Kewartawanan juga bukan profesinya, tetapi ia berani memasuki dunia ini, memasuki pasar
yang kelihatannya sudah jenuh. Ia bersaing dengan Penerbit Gramedia Group yang dipimpin
oleh Yakob Utama, wartawan senior. Ia berhadapan dengan Kartini Grup yang sudah puluhan
tahun memasuki bisnis penerbitan. Ia tidak segan pada Pos Kota Group yang diotaki
Harmoko, mantan Menpen RI. Bahkan, ia tidak takut pada Grafisi Group yang di-back up oleh
pengusaha terkenal Ir. Ciputra, bos Jaya Group.
Kendati kondisi pasar pers begitu ramai dengan persaingan. Surya Paloh sedikit pun
tak bergeming. Bahkan ia berani mempertaruhkan modal dalam jumlah relatif besar, dengan
melakukan terobosan-terobosan baru yang tak biasa dilakukan oleh pengusaha terdahulu.
Dengan mencetak berwarna misalnya. Ia berani menghadapi risiko rugi atau bangkrut. Ia
sangat kreatif dan inovatif. Dan, ia berhasil.
Surya Paloh menghadirkan koran Proritas di pentas pers nasional dengan beberapa
keunggulan. Pertama, halaman pertama dan halaman terakhir di cetak berwarna. Kedua,
pengungkapan informasi kelihatan menarik dan berani. Ketika, foto yang disajikan dikerjakan
dengan serius. Faktor-faktor itulah yang menyebabkan koran ini dalam waktu singkat,
berhasil mencapai sirkulasi lebih 100 ribu eksemplar. Tidak sampai setahun, break event
point-nya sudah tercapai.
Ancaman yang selalu menghantui Prioritas justru bukan karena kebangkrutan, tetapi
pencabutan SIUPP oleh pemerintah. Terbukti kemudian, ancaman itu datang juga. Koran
Prioritasnya mati dalam usia yang terlalu muda. Pemberitaannya dianggap kasar dan
telanjang. Inilah risiko terberat yang pernah dialami Surya Paloh. Ia tidak hanya kehilangan
sumber uang, tetapi ia juga harus memikirkan pembayaran utang investasi.

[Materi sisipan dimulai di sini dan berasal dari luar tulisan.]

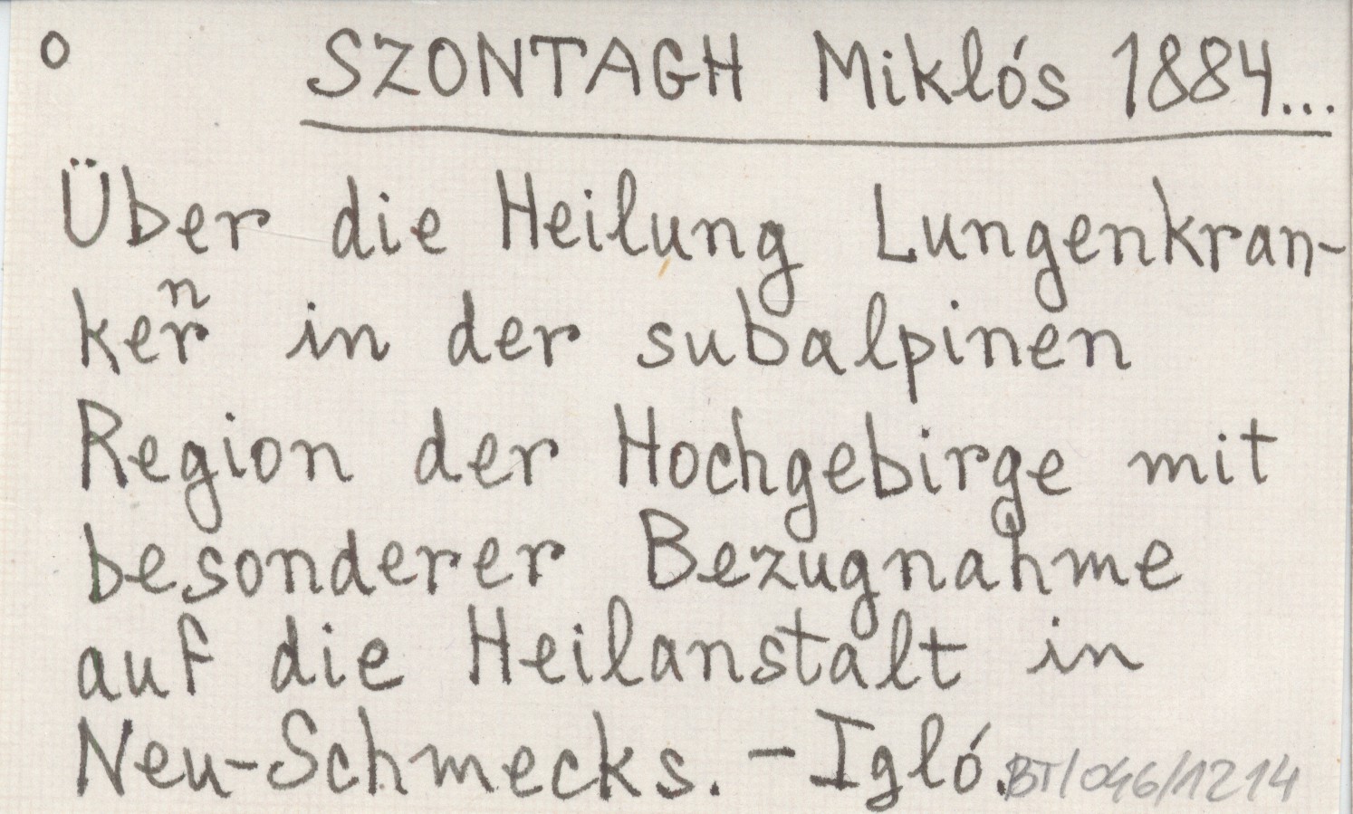 SZONTAGH Miklós 1884... Über die Heilung Lungenkranker in der subalpinen Region der Hochgebirge mit besonderer Bezugnahme auf die Heilanstalt in Neu-Schmecks.

Dalam suasana yang sangat sulit itu, ia tidak putus asa. Ia berusaha membayar gaji
semua karyawan Prioritas, sambil menyusun permohonan SIUPP baru dari pemerintah.
Namun permohonan itu tidak dikabulkan pemerintah. Beberapa wartawan yang masih sabar,
tidak mau pindah ke tempat lain, dikirim Surya Paloh ke berbagai lembaga manajemen untuk
belajar.
Pers memang memiliki kekuatan, di negara barat, ia dikenal sebagai lembaga
keempat setelah legislatif, yudikatif dan eksekutif. Apalagi kebesaran tokoh-tokoh dari
berbagai disiplin ilmu atau tokoh-tokoh dalam masyarakat, sering karena peranan pers yang
mempublikasikan mereka. Bagaimana seorang tokoh diakui oleh kalangan masyarakat
secara luas, kalau ia di boikot oleh pers. Dengan demikian, bisnis pers memang prestisius,
memberi kebanggaan, memberi kekuatan dan kekuasaan. Dan, itulah bisnis Surya Paloh.